**ASSIGNED TASK**
Exactly reproduce the lines from the one containing "1月18日,陶星陶瓷公司20" through the last line of the data, both ends included, leaving out pictures.
___ DATA SECTION ___
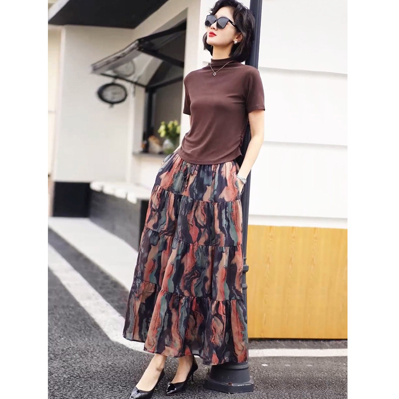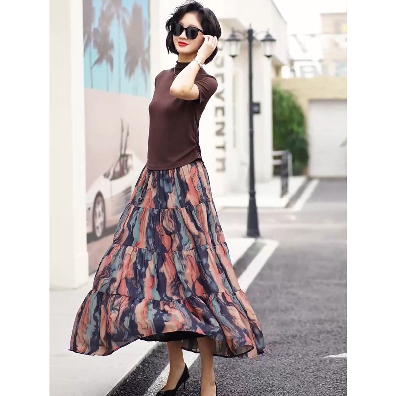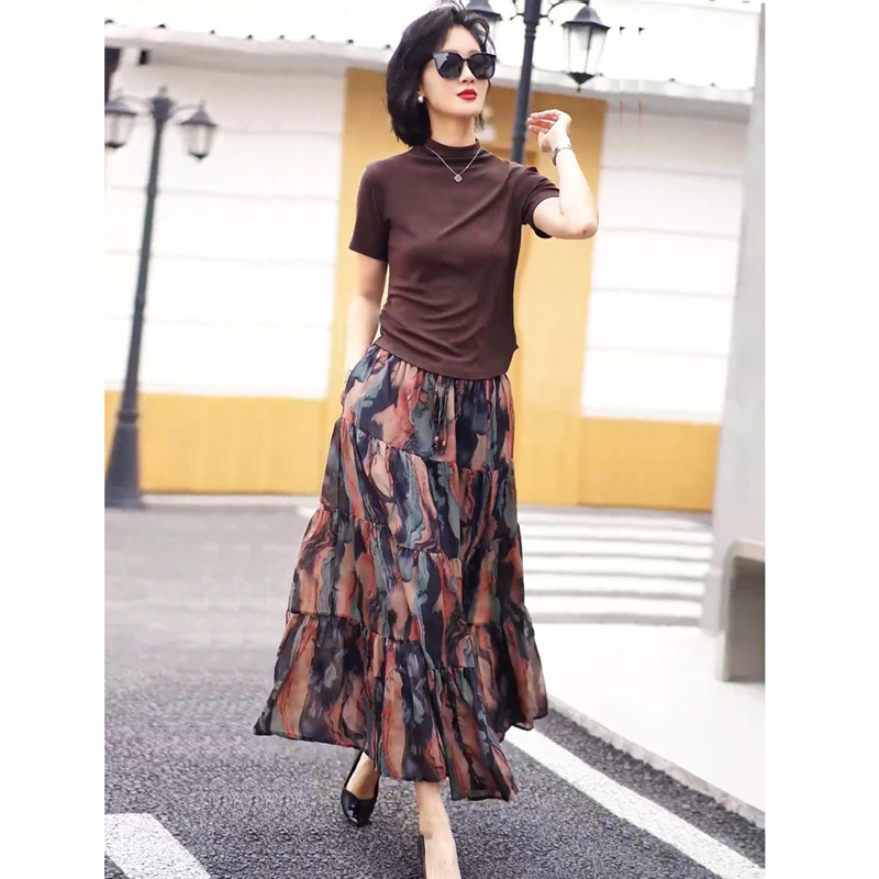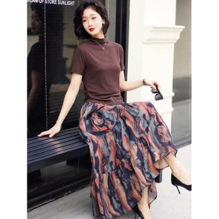 新款 裙妈妈气质2026夏季 咖色显瘦上衣遮肉半身裙 绝美套装 胖mm大码
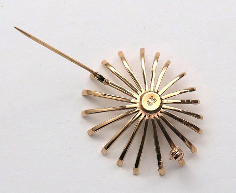 Broche af 14 kt. guld i form af Aurora, prydet med 6½ mm. kulturperle. 35 x 35 mm. samlet vægt ca. 6,8 gr.
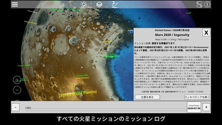 GlobeViewer Mars は、火星の全表面のインタラクティブな 3 次元地球儀です。 3D グローバル マップには、さまざまな地表地物のすべての公式名称が表示されます。 特定の地域に興味がある場合は、さらに高解像度のローカル 3D マップ ビューを読み込んで、クレーター、山、その他の地層を詳しく見ることができます。 さらに、1960 年以降のすべての火星ミッションのミッション ログが含まれています。
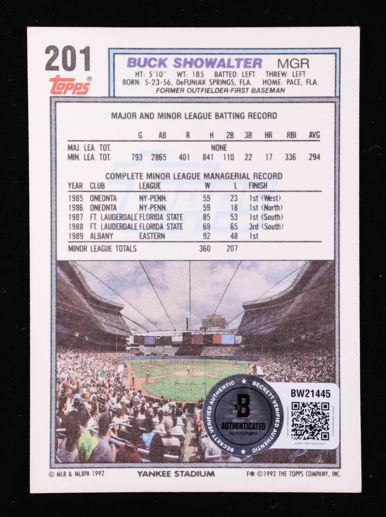 Buck Showalter Signed 1992 Topps MG #201 RC Inscribed "4x MOY" (Beckett)
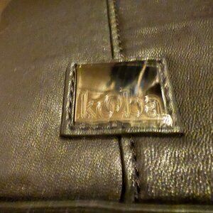 Bag is 11 inches tall with a 40 inch/20 inch drop handle. The front of the bag has a zip running down the entire length. The zip can be left open or zipped up to cinch in the bag. It also features a metal plate on the back with the brand "Kooba" on it.
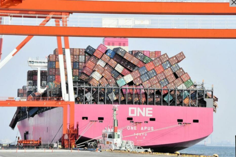 據日本《神户新聞》8日報道,這艘貨船名為“OneApus”,運營公司稱貨船原本計劃從中國開往美國加利福尼亞州,但在夏威夷海域遭遇風暴,裝載的集裝箱倒塌,船體也受了傷。損失的集裝箱中,有64個裝有煙花和電池等危險物品。
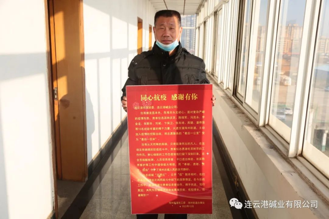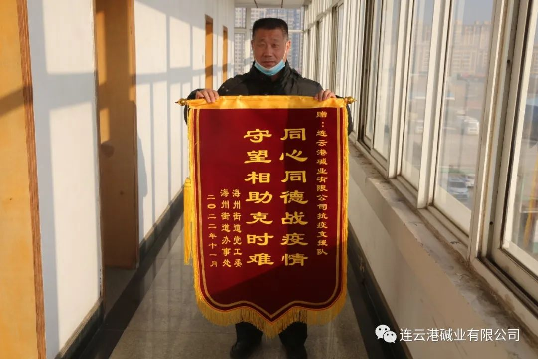 11月份疫情期間,根據市里統一安排,公司組織抗疫志愿者服務隊,全身心投入海州區疫情防控一線。公司職工林慶芝、陳瑞軍、馮茂永、李金龍、張新豐、劉斌、卞保衛、張名琦、高健、潘德強等10名職工積極響應公司黨委的號召,投入到社區志愿者服務行列,沖鋒在抗疫最前沿,為疫情防控作出了突出貢獻。近日,海州街道黨工委、海州街道辦事處送來了感謝信以及錦旗。
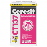 Штукатурка минеральная декоративная Ceresit CT 137 под покраску - тонкослойная штукатурка с зерном 1,5 мм для применения внутри и снаружи зданий. Сухая строительная смесь предназначена для выполнения декоративного тонкослойного покрытия на бетонных основаниях, традиционных штукатурках, гипсовых основаниях, плитах ДСП, гипсокартоне и т.п. Может также служить в качестве декоративно-защитного слоя в легких штукатурных системах утепления наружных стен зданий при использовании в качестве утеплителя как минераловатных, так и пенополистирольных плит. Штукатурка Ceresit CT 137 выполнена в версии под окраску. Это позволяет реализовать любое цветовое решение отделки. Окраску штукатурки можно производить акриловой краской Ceresit CT 42 (через 7 суток), силикатной краской Ceresit CT 54 (через 3 суток) и силиконовой краской Ceresit CT 48 (через 7 суток). Строительная смесь Ceresit CT 137 можно применять на ровных, сухих, плотных основаниях, очищенных от веществ, препятствующих адгезии (жир, битум, пыль и т.п.). Неровные и поврежденные поверхности необходимо тщательно выровнять и отремонтировать. Штукатурку наносят на основание теркой из нержавеющей стали, которую держат под углом 60° к поверхности. Толщина слоя должна соответствовать размеру зерна заполнителя. Спустя некоторое время, когда материал перестанет прилипать к инструменту, формируют фактуру покрытия при помощи пластиковой терки, которую держат строго параллельно поверхности. Фактуру формируют легкими скользящими движениями, избегая нажима на штукатурный слой. «Камешковую» фактуру формируют мелкими круговыми движениями терки, направленными в одну сторону, как правило, против часовой стрелки Материалы с большим содержанием зерен одной и той же фракции имеют более однородный вид. Затираемые пластиковым полутерком, они приобретают фактуру густо уложенных мелких камешков, так называемую «камешковую» фактуру. У фактурной штукатурки для стен элегантная поверхность, а неоднородность размеров и расположение зерен подчеркивают архитектурную особенность здания. Особенности штукатурки Ceresit CT 137: пригодна для механизированного нанесения; экологически безопасна; пригодна для внутренних и наружных работ; атмосферо- и морозостойкая; устойчива к ультрафиолетовым лучам; гидрофобная; обладает высокой паропроницаемостью; ударопрочная. Работы следует выполнять в сухих условиях, при температуре воздуха и основания от +5 °С до +30 °С. Строительная смесь Ceresit CT 137 содержит цемент и при гидратации имеет щелочную реакцию, поэтому во время работы необходимо защищать глаза и кожу.
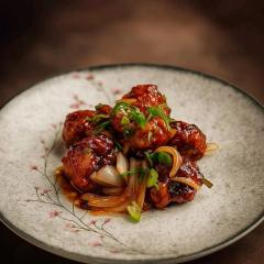 Sobrecoxa de frango bem temperada, suculenta e envolvida no clássico molho agridoce. Acompanhada de cebola refogada e cebolinha fresca, é a porção perfeita para dividir ou se deliciar sozinho.
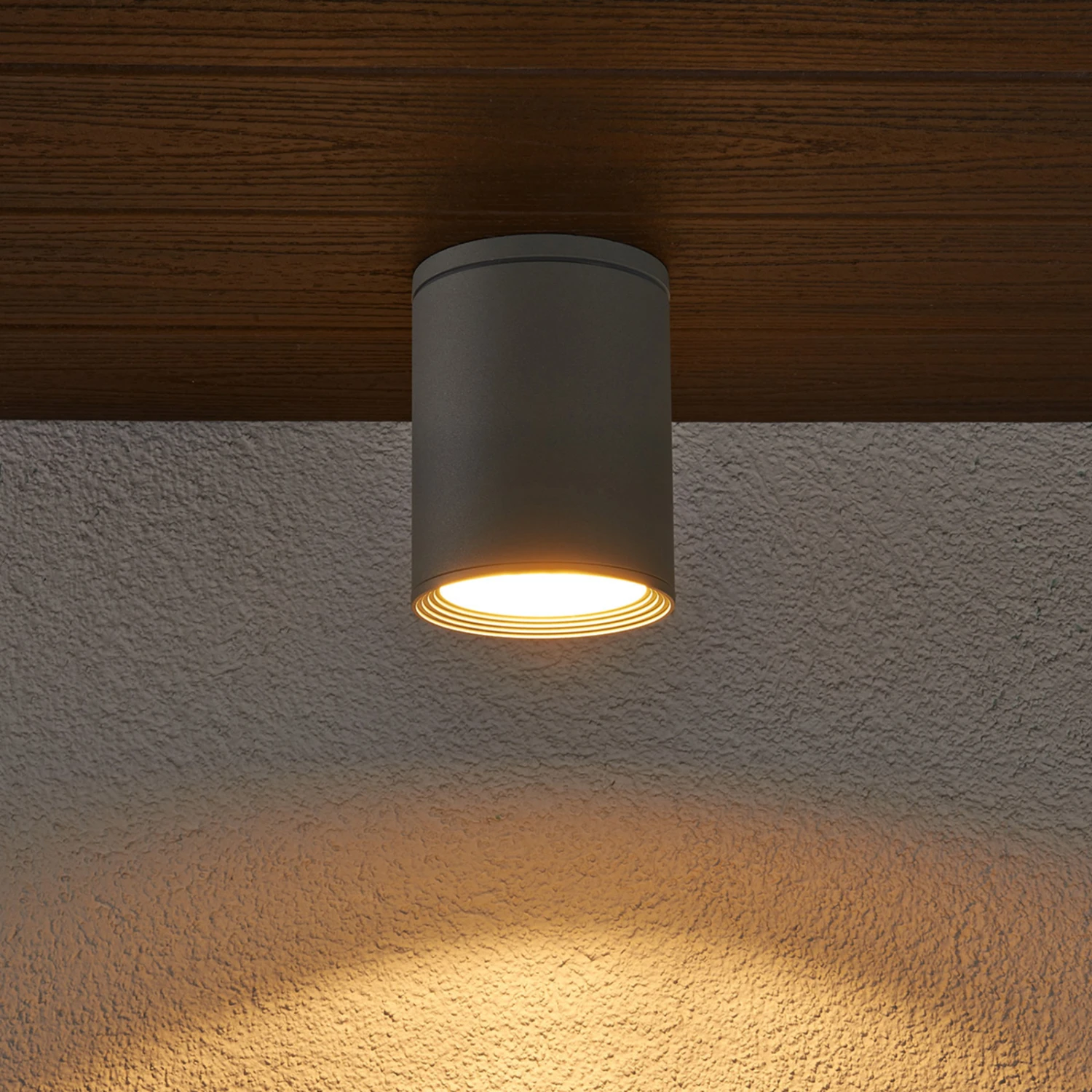 On a souvent tendance à penser que les plafonds n’existent qu’à l’intérieur, mais à tort, car il existe les toitures de terrasses ou les avancées de toit, qui sont des emplacements parfaits pour un plafonnier. Il est important que le luminaire choisi soit doté d’un indice de protection suffisamment élevé, afin que ni la poussière, ni les projections d’eau ne puissent y pénétrer. L’indice IP 54 s’avère idéal dans ce cas précis. La partie inférieure du corps de lampe en aluminium du plafonnier Minna est dotée d’une vitre en verre trempé. Ce luminaire fonctionne avec des ampoules à réflecteur PAR30 de type E27.
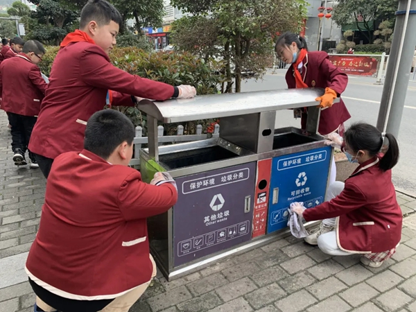 3月4日上午,实验小学校两校区分别开展了师生街头志愿服务活动。
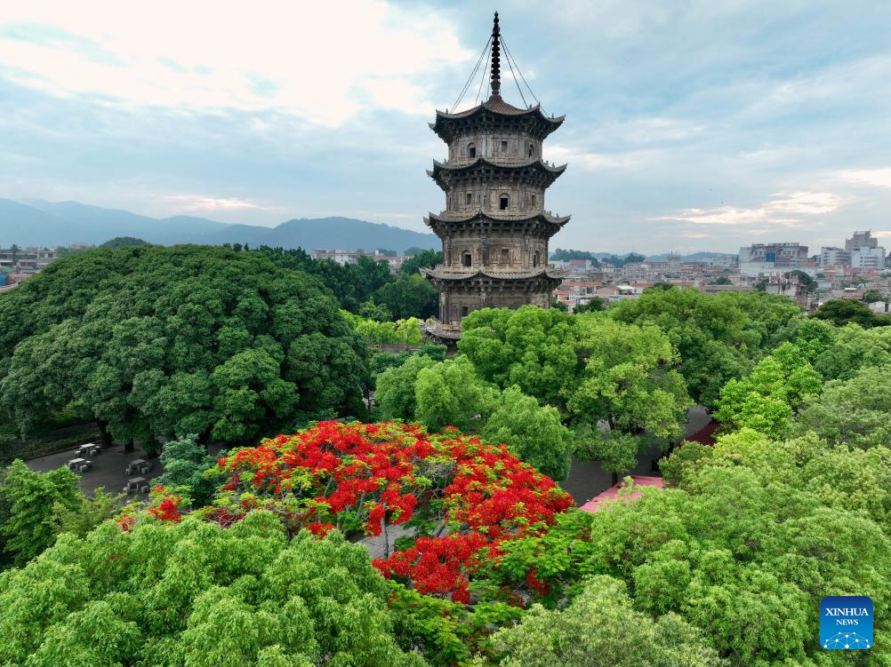 An aerial drone photo taken on May 21, 2025 shows the Zhenguo Pagoda of Kaiyuan Temple in Quanzhou, southeast China's Fujian Province. Located along the coastline of southeast China's Fujian Province, Quanzhou was one of the world's largest ports along the historic Maritime Silk Road, particularly in ancient China's Song Dynasty (960-1279) and Yuan Dynasty (1271-1368).
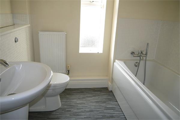 Bathroom - 2.21 x 1.93 - 7' 3" x 6' 4" (2.21m x 1.93m) Opaque UPVC double glazed window, three piece white suite comprising WC, wash hand basin and panelled bath with shower mixer tap over, tiled splash-backs, extractor fan, radiator.
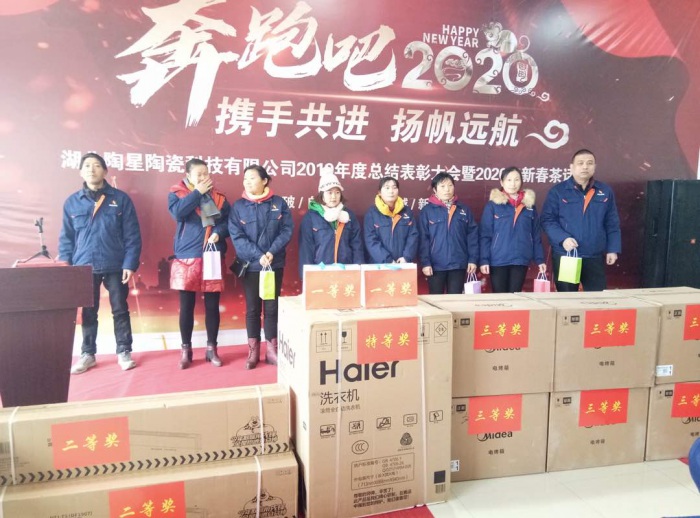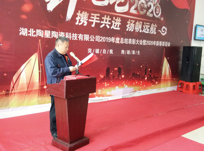 1月18日,陶星陶瓷公司2019年度總結(jié)表彰大會(huì)暨新春茶話會(huì)在公司職工食堂隆重舉行,公司全體干職員工共計(jì)450余人參加會(huì)議,會(huì)議由辦公室主任金宏偉主持。
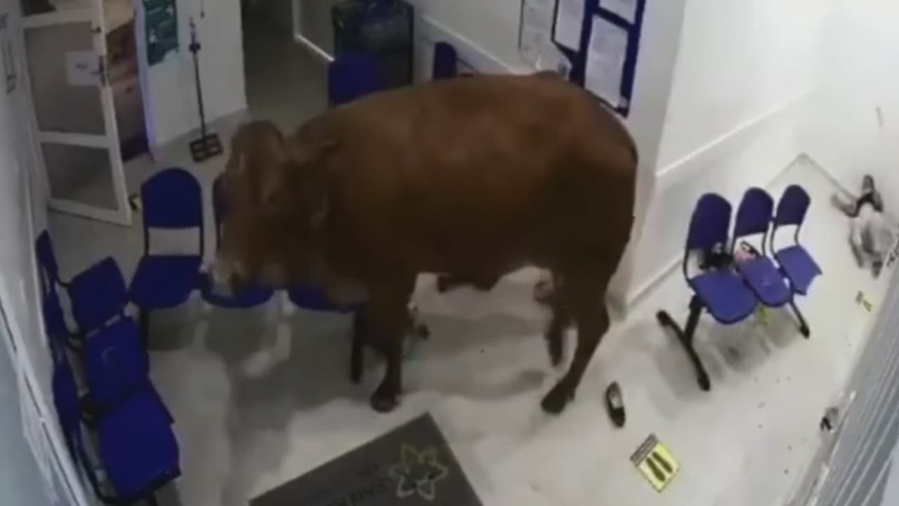 En video: el insólito momento cuando una vaca irrumpe en un centro médico en Colombia
___
**SOLVED PROBLEM**
 1月18日,陶星陶瓷公司2019年度總結(jié)表彰大會(huì)暨新春茶話會(huì)在公司職工食堂隆重舉行,公司全體干職員工共計(jì)450余人參加會(huì)議,會(huì)議由辦公室主任金宏偉主持。
 En video: el insólito momento cuando una vaca irrumpe en un centro médico en Colombia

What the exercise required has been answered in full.